PROBLEM STATEMENT: For the material below, return exactly the lines starting at the one holding "Handbag realized in" and ending at the one holding "The expressions of", counting both as part of the range.

GIVEN RECORDS:

○ ○ ○

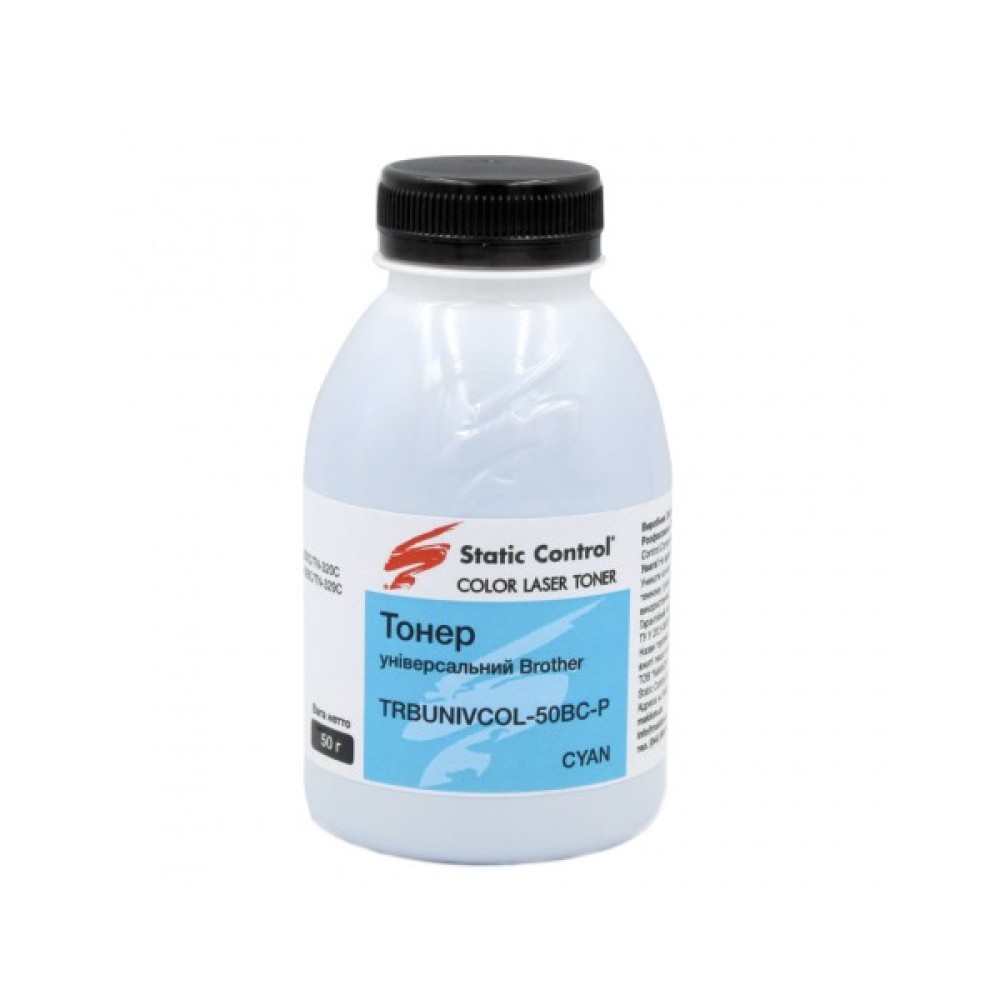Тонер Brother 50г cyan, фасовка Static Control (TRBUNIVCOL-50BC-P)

○ ○ ○

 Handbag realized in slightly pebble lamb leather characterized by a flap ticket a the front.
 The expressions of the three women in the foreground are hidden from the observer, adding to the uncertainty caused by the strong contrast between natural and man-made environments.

○ ○ ○

OUTPUT FOR THIS TASK:
 Handbag realized in slightly pebble lamb leather characterized by a flap ticket a the front.
 The expressions of the three women in the foreground are hidden from the observer, adding to the uncertainty caused by the strong contrast between natural and man-made environments.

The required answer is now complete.